Instructions for the task:
The lines from the beginning of the records below through the one holding "Cal fans, help" are to be copied exactly; leave the pictures out.

Dataset excerpts:

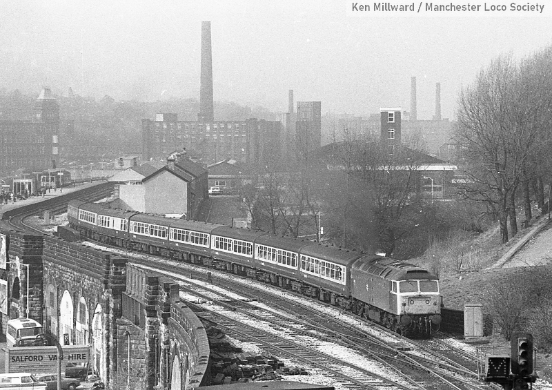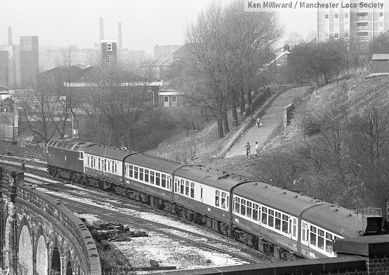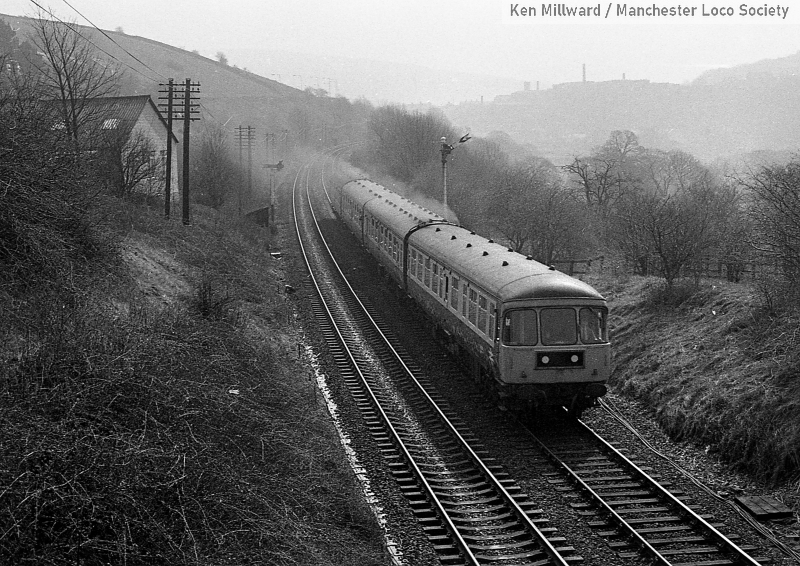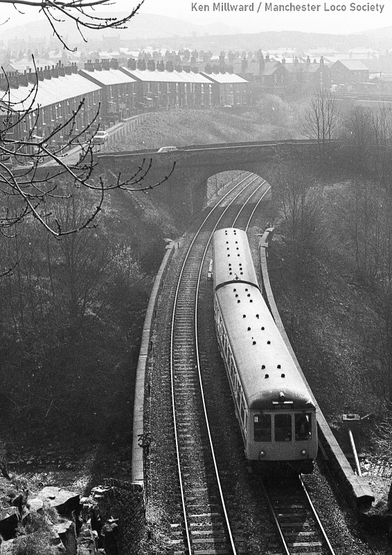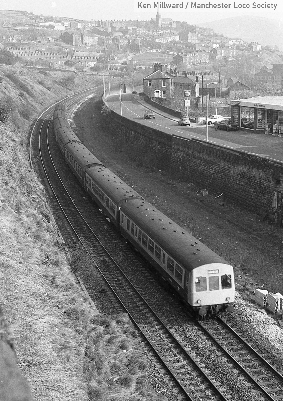 km011-08: 05.04.80 Mossley. 7 car DMU with a Class 101 leading approaching the station with a service to Manchester. [HP5/5]
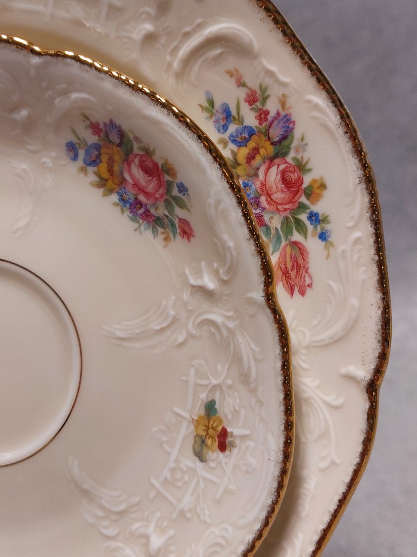 Podobnie jak na spodku, na talerzyku widoczne są reliefy i mniejsze bukieciki kwiatów,
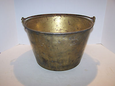 H W Hayden SPUN BRASS BUCKET - Pat'd 1851; "Rat Tail" Handle; LARGE 13-3/8" Diam
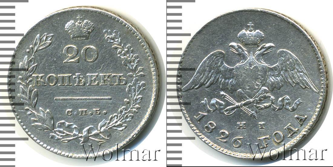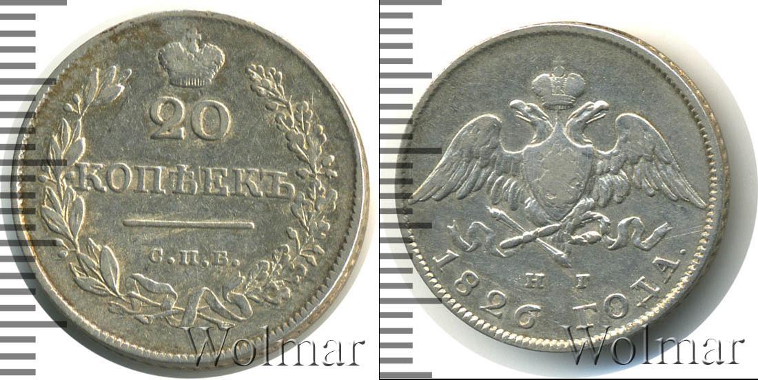 Цена монеты 20 копеек 1826 года в городе Москва на сегодня, 15 марта 2026 года
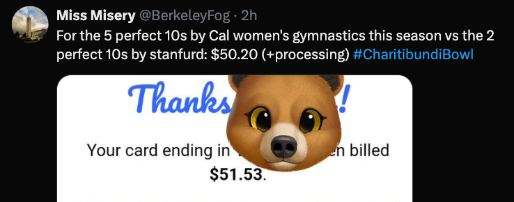 Cal fans, help us beat Stanford fans in the EDSBS Charity Bowl!
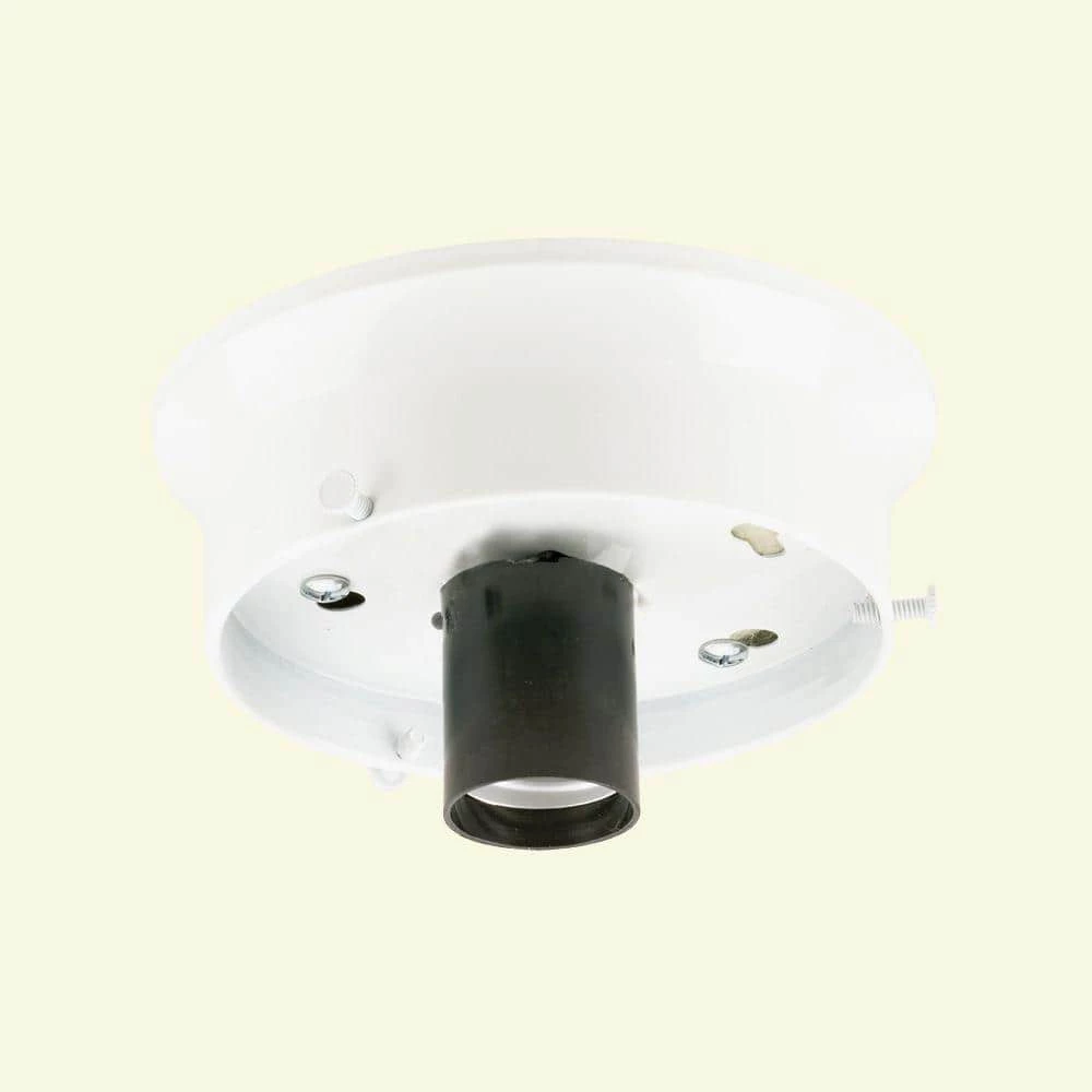 Brighten your home with a new light fixture with the 3-1/4 in. Glass Shade Holder Kit with ON/OFF Pull Chain Switch. It features an versatile white finish and mounts flush against the ceiling. Includes an ON/OFF pull chain switch, making it perfect for areas without a wall switch nearby. This quality glass shade holder uses 1 medium-base light bulb, 60-Watt maximum. UL Listed for safety, the kit has all the hardware you need and includes a crossbar, 2 mounting screws, 3 fitter screws and a fiberglass insulator. To attach a glass shade, simply tighten the fitter screws.
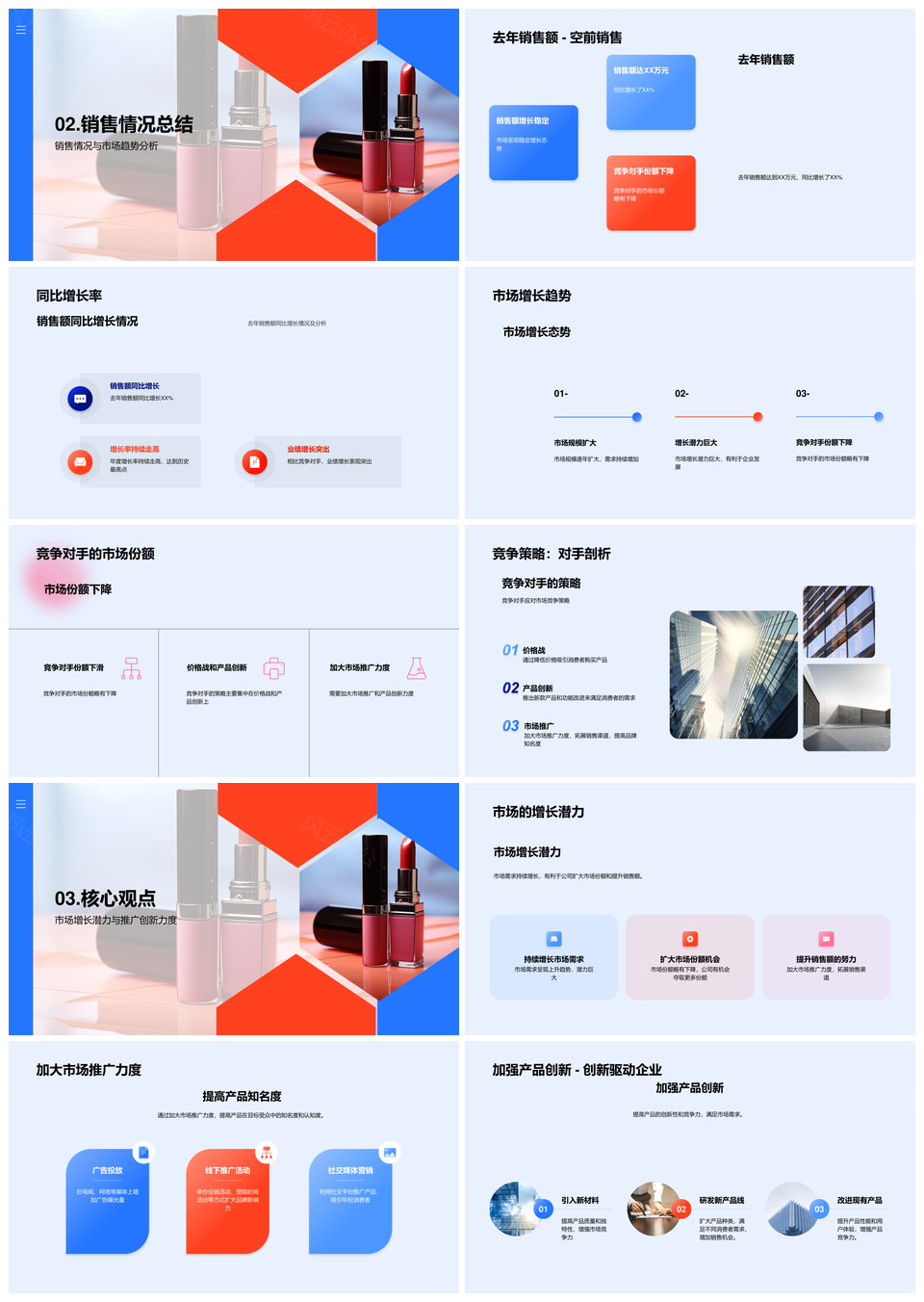 这是一张时尚化妆品批发销售经理年度总结市场趋势竞争动态PPT模板,包含时尚化妆品、批发销售、经理、年度总结、市场趋势、竞争等主题内容,也可用作时尚化妆品批发销售经理、化妆品批发销售经理年度总结、批发销售经理年度总结市场趋势、销售经理年度总结市场趋势竞争动态、时尚化妆品批发、化妆品批发销售经理、批发销售经理年度总结、销售经理年度总结市场趋势、年度总结市场趋势竞争动态、时尚化妆品、化妆品批发、批发销售经理、销售经理年度总结、年度总结市场趋势、市场趋势竞争动态等PPT场景使用。 风云办公提供的时尚化妆品批发销售经理年度总结市场趋势竞争动态PPT模板,下载格式为pptx,一共24页,作品中文字及图均可以修改和编辑,图片更改请在作品中右键图片并更换,文字修改请直接点击文字进行修改。
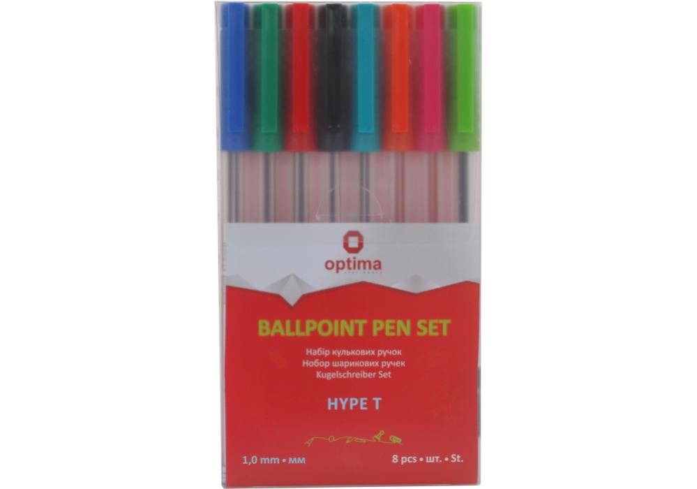 Набір кулькових ручок OPTIMA HYPE T 1,0 mm 8 кольорів у блістері O15737
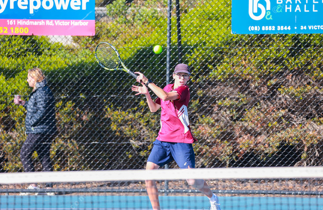 Mount Compass’ Stirling Down powers through this shot during the grand final. (Jesse Ehlers: 467378_17)
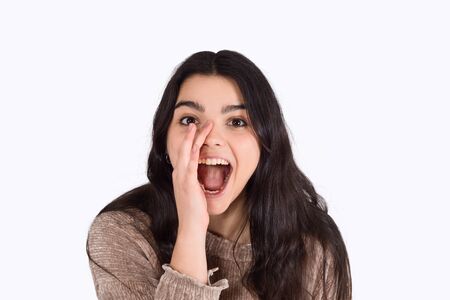 Young woman shout and scream using her hands as tube, studio shoot on white background

Answer space:
 km011-08: 05.04.80 Mossley. 7 car DMU with a Class 101 leading approaching the station with a service to Manchester. [HP5/5]
 Podobnie jak na spodku, na talerzyku widoczne są reliefy i mniejsze bukieciki kwiatów,
 H W Hayden SPUN BRASS BUCKET - Pat'd 1851; "Rat Tail" Handle; LARGE 13-3/8" Diam
 Цена монеты 20 копеек 1826 года в городе Москва на сегодня, 15 марта 2026 года
 Cal fans, help us beat Stanford fans in the EDSBS Charity Bowl!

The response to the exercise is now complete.